When Pot Was First Made Illegal, and the manufacturing of consent

VWFringe

Naruto Fan
i was in anger management class the other week, and spouted off about how the government should give pot back to us, that they took it, and it belongs to the people, and should give it back! (damn it!)

the teacher said that "it's interesting that the reasons it was first made illegal were mostly racist in nature."

and in a flash of anger i said, (and I don't think i put this together for myself until that moment)

"No, that was just how they manufactured consent among the public, the real reasons were that Hearst wanted to protect his forestry investments!"

i guess i'm wondering if this is common knowledge, or still not the full picture, since i'm sure their were social conservatives among the GOP that had to be appeased same as today...but i like the conspiracy theory nature of William Randolf Hearst fighting to protect his forestry and paper profits.
 
VWFringe,

djonkoman

Well-Known Member
well for me it is... I think it's common knowledge among evertyone who has read up on it a bit, but all my friends are unaware of it(or at least untill I told them... they call me the weedencyclopedia sometimes)

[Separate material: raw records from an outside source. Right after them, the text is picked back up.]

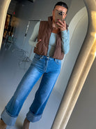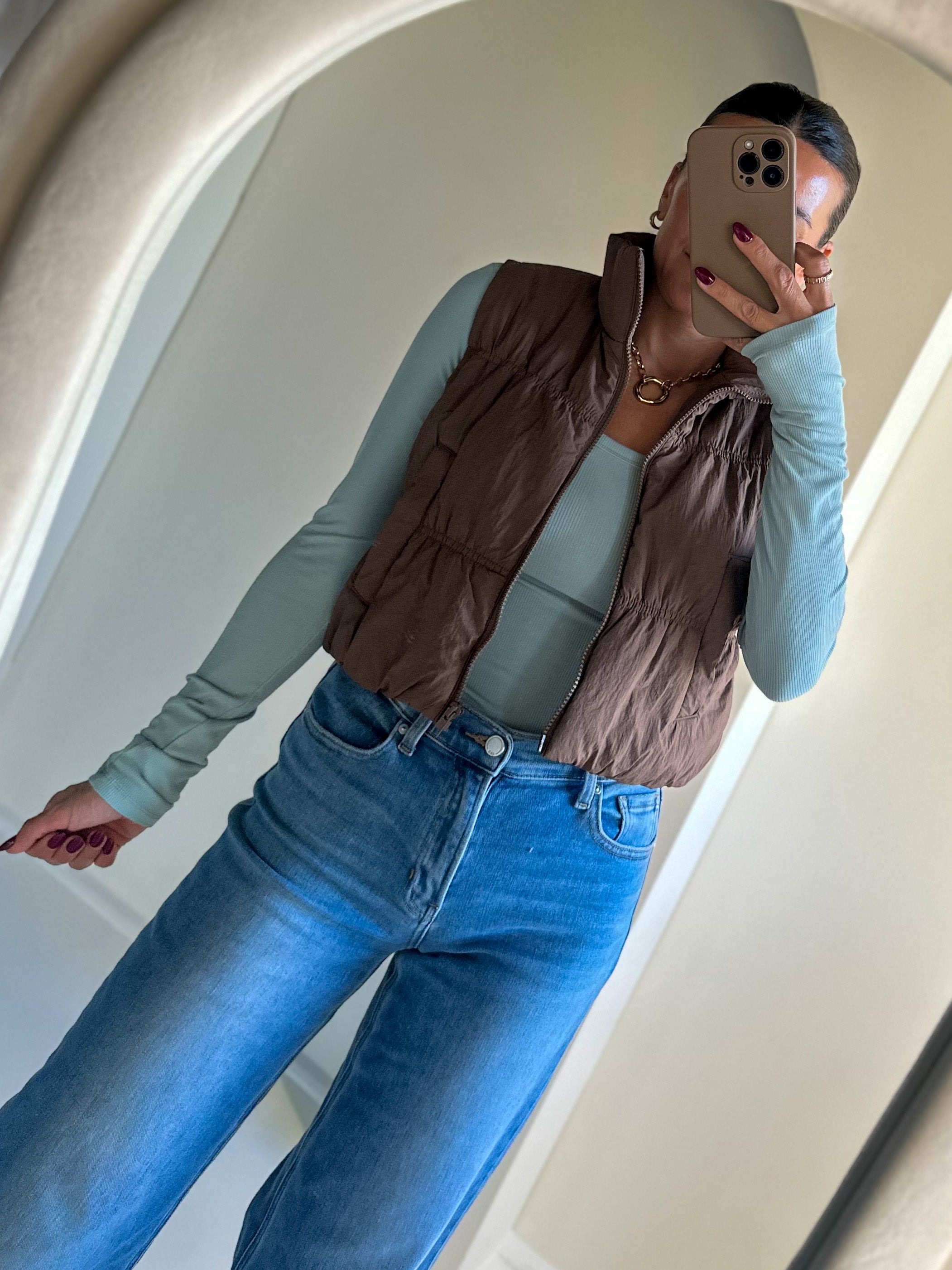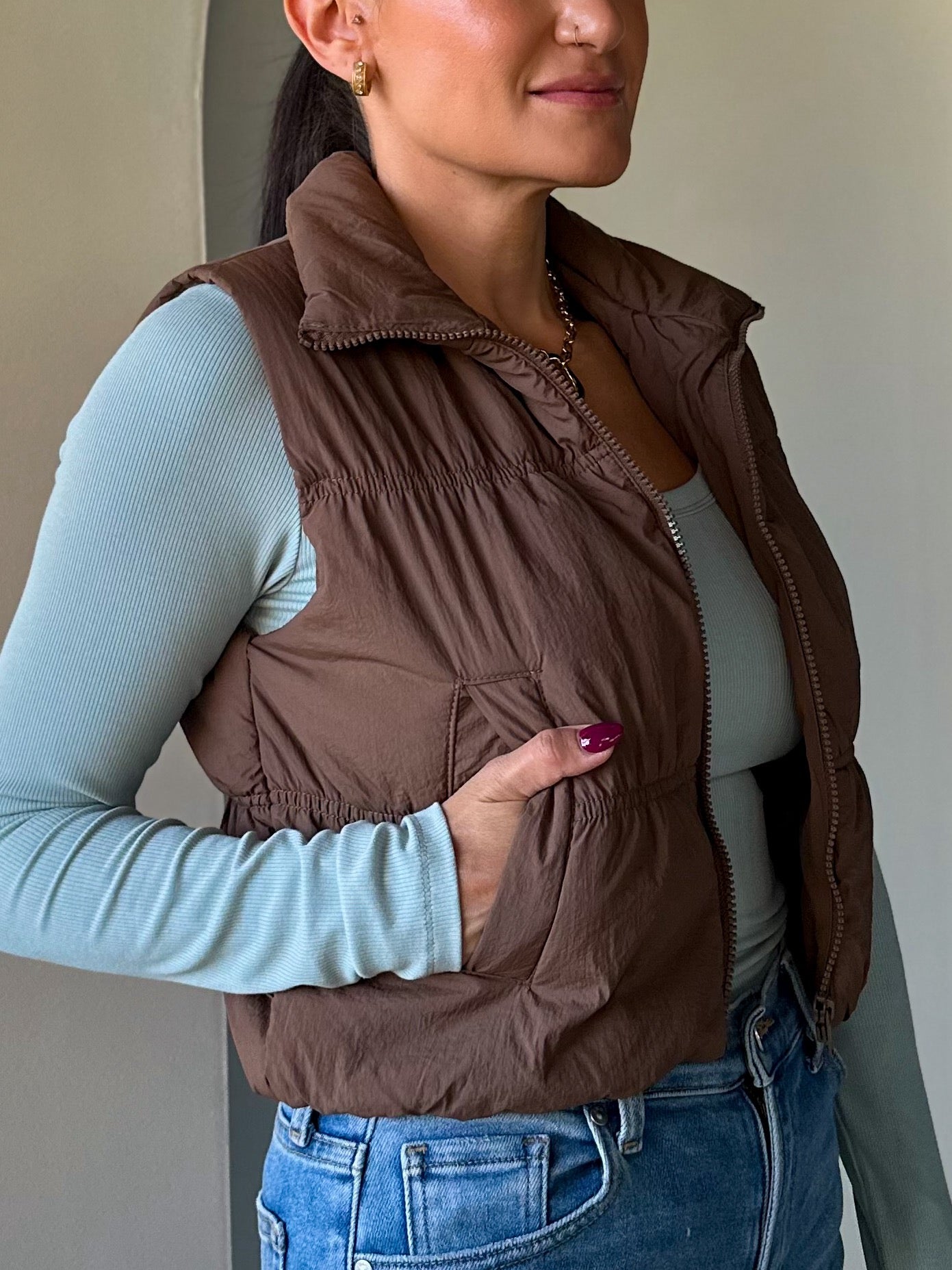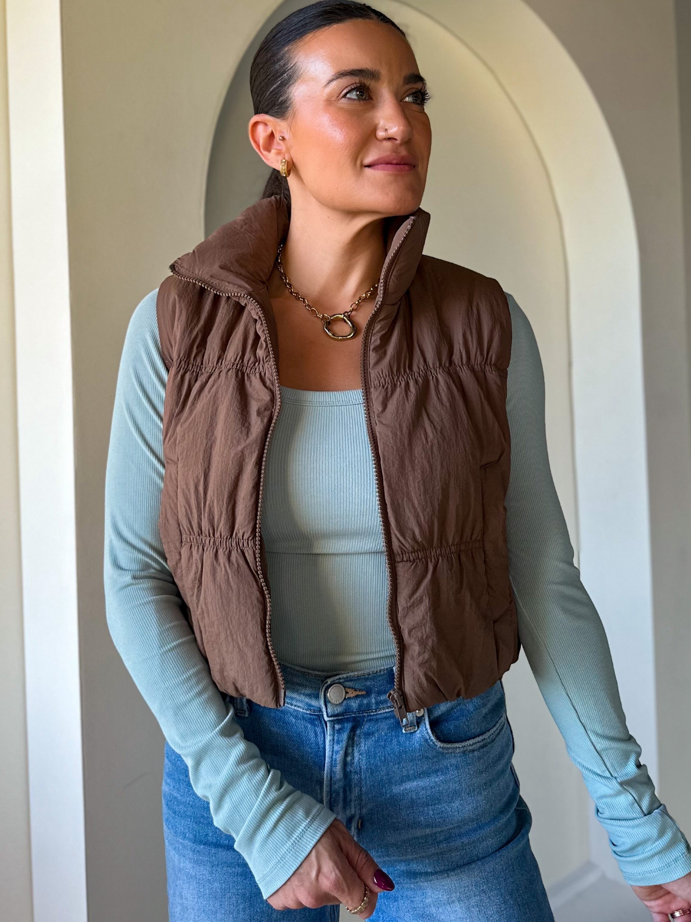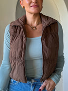 Cropped Puffer Vest - Mocha
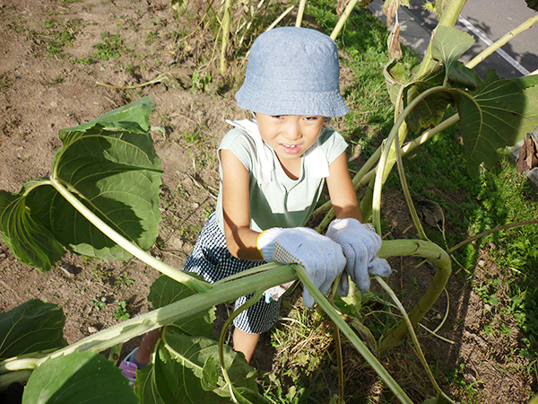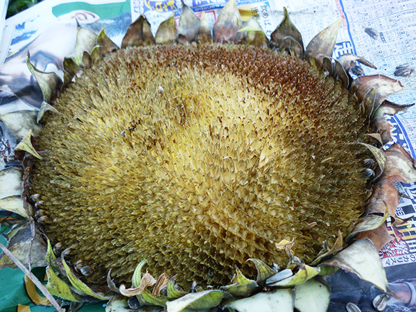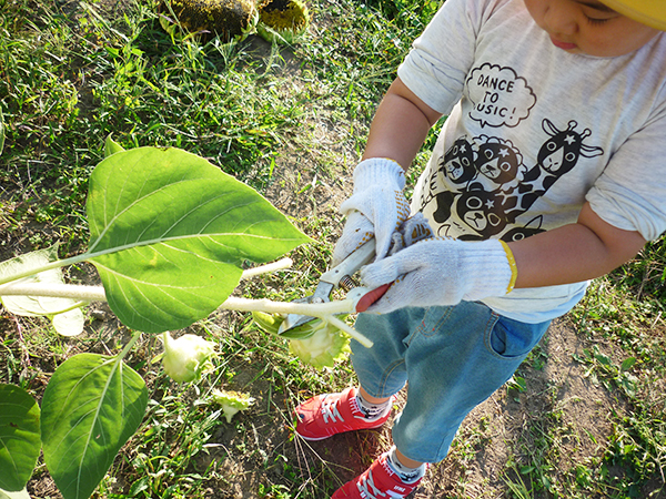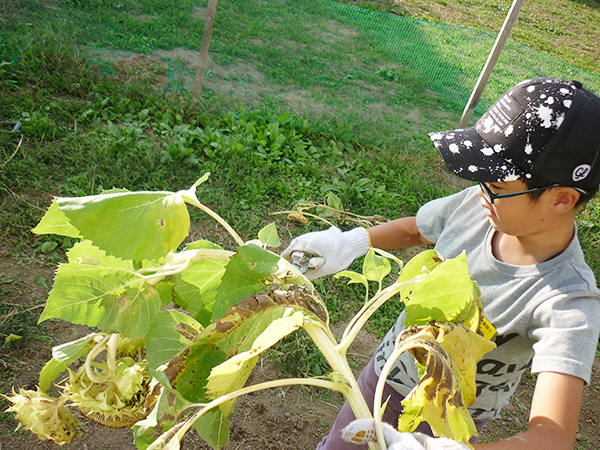 暑いなか咲きほこった【ひまわり】の日々成長する様子に元気をもらいました。 みんなで感謝を込めてひまわりを抜き 種取りを行いました。
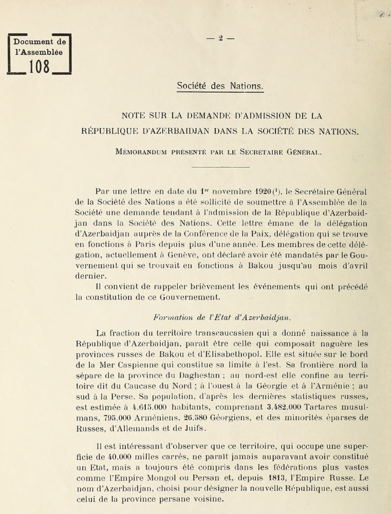 «Il est intéressant d'observer que ce territoire, qui occupe une superficie de 40.000 milles carrés, ne paraît jamais auparavant avoir constitué un État, mais a toujours été compris dans les fédérations plus vastes comme l'Empire Mongol ou Persan et, depuis 1813, l'Empire Russe. Le nom d'Azerbaïdjan, choisi pour désigner la nouvelle République, est aussi celui de la province persane voisine.»
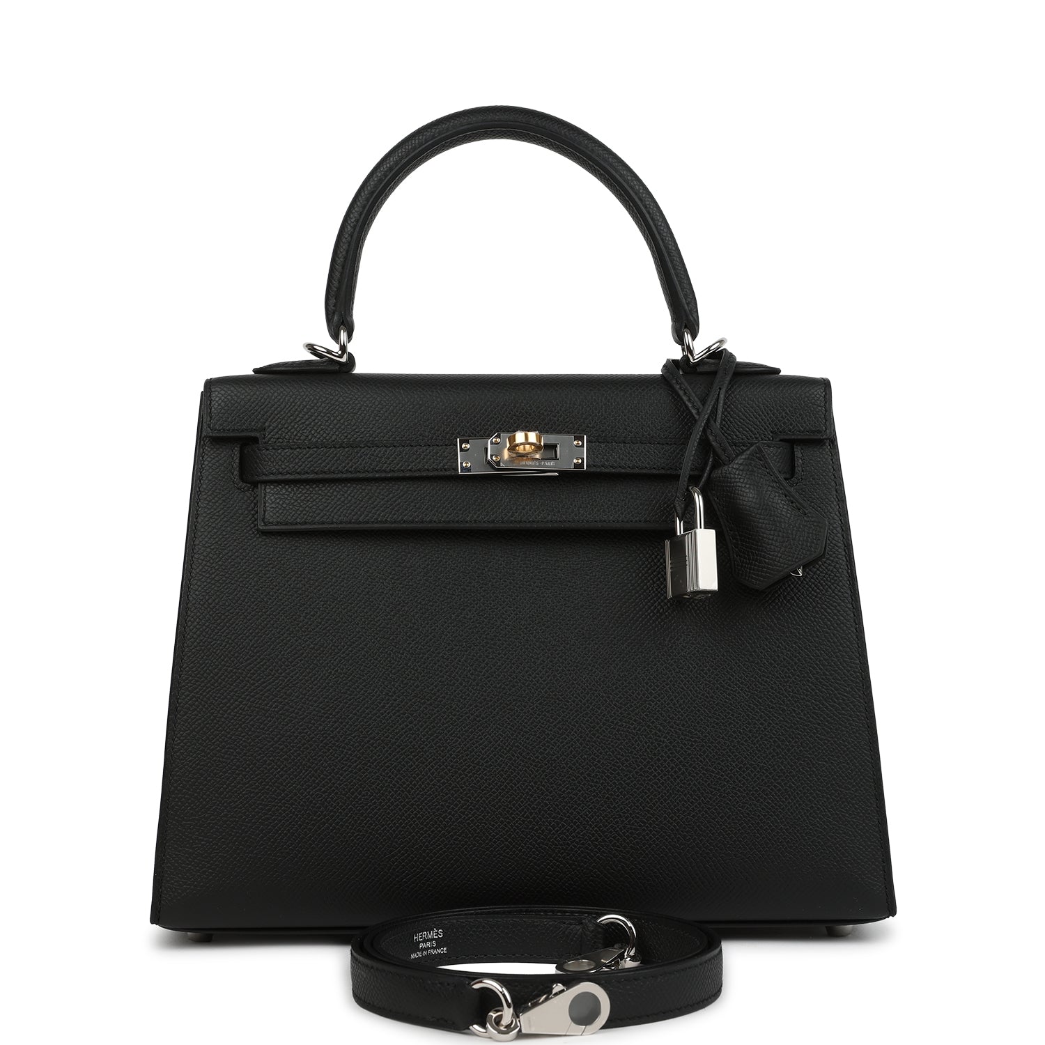 Hermes Kelly Sellier 25 Black Epsom Electrum Hardware
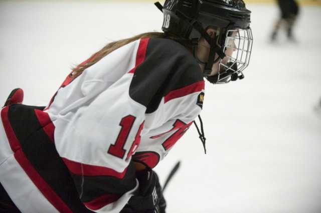 [The pink socks are a hockey tournament tradition – back to the days when the girls wore pink laces in their skates to make them look tough!]

the first ilegalisation was in south-africa btw as far as I know
 
djonkoman,

VWFringe

Naruto Fan
oh, jeez, don't tell me that's where Hearst borrowed the idea of making it racial from?!
 
VWFringe,

djonkoman

Well-Known Member
well I don't remember exactly but as far as I know the illegalisation started in south africa(indeed because of racial reasons, the aparthead regime was still in power back then), and on some world conference or UN meeting or so they pleaed for illegalisation I think
but you'll have to google it for more details, because I forgot them(I think I got it from a site with the history of hemp back untill a few thousand years ago when it was first used by the chinese as medicine, there was a page about the chinese, the indians, the use of hashish in the middle east, and the last page was the illegalisation in modern times, very informative and usefull site, also with mentions of romans having a desert with weed in it, and the scythians or so who used to use weed and 'get drunk' from it according to history writers)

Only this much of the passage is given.